Si un chien qui arrivait à la boutique était féroce et qu'on n'arrivait pas à le contrôler, il continuait à se montrer agressif envers vous, et pouvait même vous mordre. En revanche, si vous parveniez à le soumettre complètement dès le début, non seulement il devenait extrêmement docile, mais il semblait aussi très attaché à vous.

Plus précisément peut-être, ils méprisent les faibles et ont de l'affection pour les forts. Bien sûr, cela ne vaut pas pour leur propre maître.

Les loups devraient être à peu près pareils aux chiens. Cela transparaissait dans l'attitude de Hugh envers Cortis.

En entendant cela, le visage de Parker resta impassible, et ses yeux dorés s'assombrirent. Une résolution ferme y brillait. Il posa sa main sur la menotte de Bai Qingqing posée sur son ventre et la serra fort. Il jura : « Je le vaincrai, c'est certain ! »

Peut-être Qingqing avait-elle dit cela parce qu'elle ne supportait pas de le voir blessé, mais lui ne pouvait tolérer d'être rabaissé par sa femelle.

Bai Qingqing fut saisie par le ton de Parker. Elle se hâta de dire : « Ne sois pas imprudent. » Elle ne souhaitait pas le voir se blesser pour elle tous les deux jours.

« Ne t'inquiète pas. Je suis ton compagnon. Même s'il peut me vaincre, il n'ose pas me tuer. » Parker retira sa main et se redressa. « Je vais aller construire l'abri. »

« Attends. Tu guériras plus vite si on te masse l'ecchymose. Allonge-toi vite. »

Devant l'attitude résolue de Bai Qingqing, Parker n'eut d'autre choix que de s'allonger comme elle le lui ordonnait.

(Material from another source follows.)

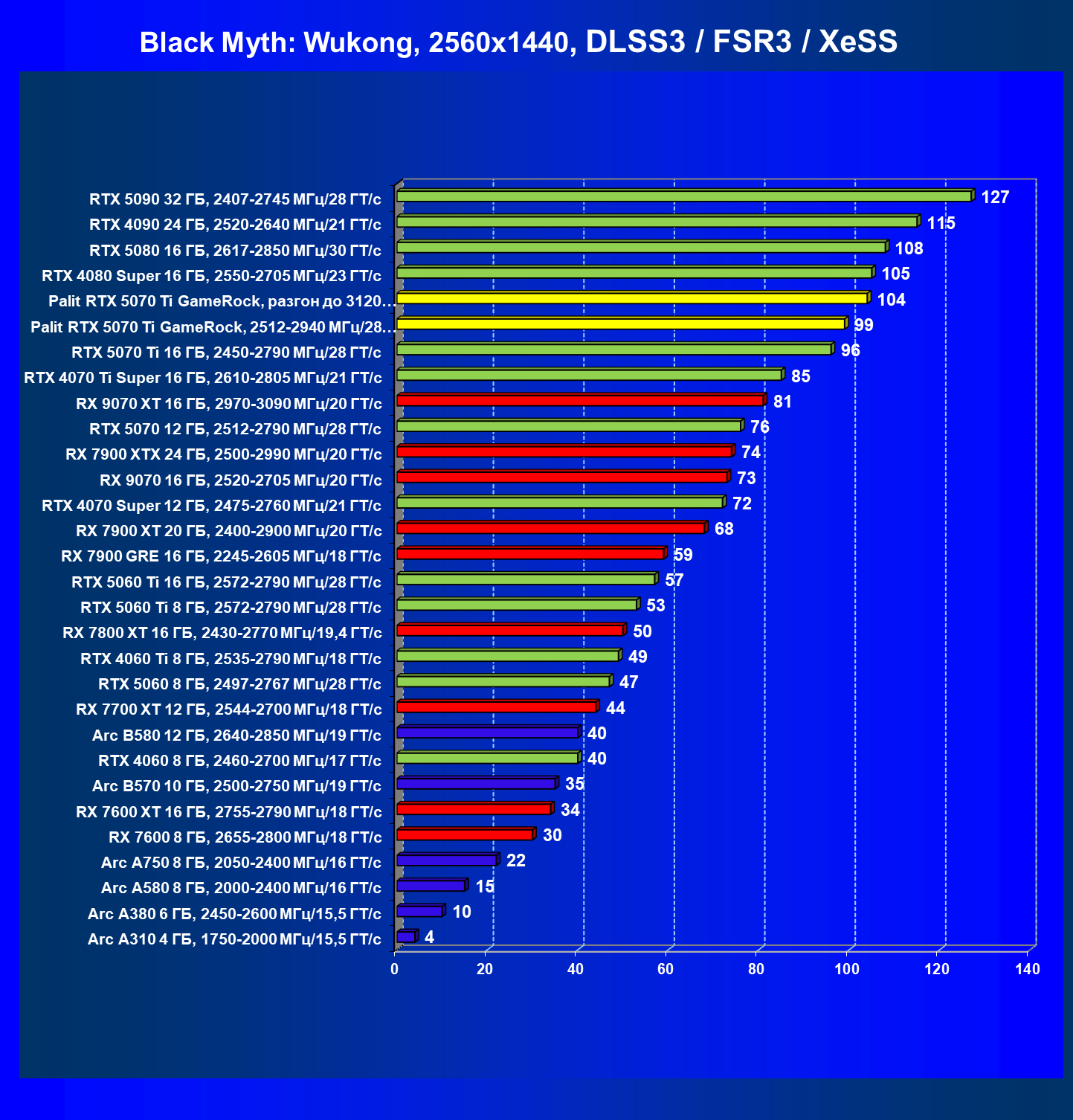 | 04 | Palit RTX 5070 Ti GameRock, 2512—2940 МГц/28 ГТ/с | 12437 | 1446 | 86 000 |

Ce ne fut qu'après que son ventre eut été massé jusqu'à devenir chaud qu'il put s'esquiver.

Aujourd'hui, l'oiseau à ailes courtes emménagea dans son abri.

Cortis avait fait des allers-retours ces derniers jours, aussi ne se réveilla-t-il qu'après avoir dormi deux nuits et un jour à son retour.

« Clang ! Clang ! » On entendait le bruit rythmé de quelque chose frappant la roche. Au milieu du tonnerre de la pluie, pourtant, cela ne semblait pas bruyant.

« Ssss — » Une tête de serpent rouge et noir pointa, collée au sol. Il darda sa langue et perçut avec précision où ils se trouvaient tous les deux.

Parker tapait sur une roche, pendant que Bai Qingqing cousait un morceau de peau de bête.

Bai Qingqing eut la sensation d'être observée. Son regard glissa de la peau de bête dans ses mains vers sa cheville, puis se porta soudain vers la porte.

La tête de Cortis se figea.

« Tu es réveillé ? » Bai Qingqing se sentit heureuse de voir Cortis. Mais sitôt les mots dits, elle se rappela ce qui s'était passé ce jour-là, alors elle s'efforça de cacher la joie sur son visage.

Cortis glissa dans la pièce principale.

Bai Qingqing choisit délibérément de ne pas le regarder. Se tournant vers Parker, elle dit : « Parker, il se fait tard. Faisons quelque chose à manger. »

« D'accord », dit Parker. Après un dernier coup sur la roche, il posa ses outils et s'essuya la sueur. « Qu'est-ce que tu veux manger ? »

« Du poisson. » Bai Qingqing avait un air impatient.

Parker comprit immédiatement que Qingqing voulait faire goûter le poisson vapeur à Cortis. Il lança un regard noir à Cortis, avant de sortir à contrecœur.